The important planning detail is that video uses more tokens per second than stills, so longer clips cost more. For merchandising and paid social teams, the practical move is to define a standard short duration for PDP and channel cutdowns, test the setup, then scale only the variants you need. That keeps motion production measurable without introducing seat gates or sales-call bottlenecks.

Can RAWSHOT plug into Shopify-scale or internal catalog pipelines through an API?

Yes. RAWSHOT supports both browser-based work for individual shoots and a REST API for catalog-scale pipelines, so the same production logic can move from hands-on creative setup to systems-driven throughput. That matters for teams that need to standardise motion assets across many products without rebuilding process rules every time a new drop arrives.

In operational terms, the browser is where you refine the reel recipe and prove the look, while the API is where you apply that recipe repeatedly across the catalog. Because the platform also keeps pricing transparent, rights clear, and provenance attached to outputs, the API is not just a rendering endpoint; it is part of a publishable workflow. For Shopify-scale teams, that means fewer manual exceptions between asset creation and product-page deployment.

How do teams scale from one reel in the browser to thousands of outputs without losing consistency?

The key is to standardise the building blocks before you scale. Pick the synthetic model, define your approved framing, camera motion, lighting, background, duration, and aspect-ratio rules, then use those settings as the template for the rest of the assortment. When the scene logic is stable, scaling becomes an operations task rather than a creative reset for every SKU.

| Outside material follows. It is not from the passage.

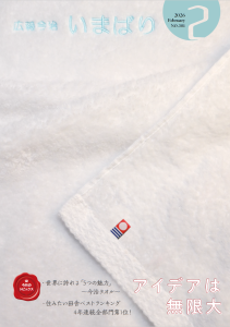 今月の表紙 今治タオル本店・今治タオルLAB(テクスポート今治)で、真っ白でふわふわな今治タオルに広報紙のタイトルを刺繍していただきました。 ここでは多数の今治タオルブランド商品を買うことができ、刺繍を入れることもできます。 ブランドが始動してもうすぐ20周年。その圧倒的な知名度で、さらに展開を進めていきます。
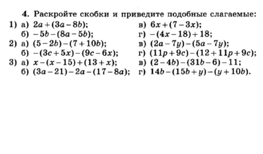 в)6x+(7-3x)=6x+7-3x=3x+7

RAWSHOT is designed for that exact handoff. The same platform supports one-off direction in the GUI and higher-volume execution through the REST API, with no separate enterprise-only product for core capability. Because models remain consistent, outputs are labelled, and the audit trail stays attached, merchandising, creative, and operations teams can share one production system. That is how you scale motion without letting quality drift between departments or between products.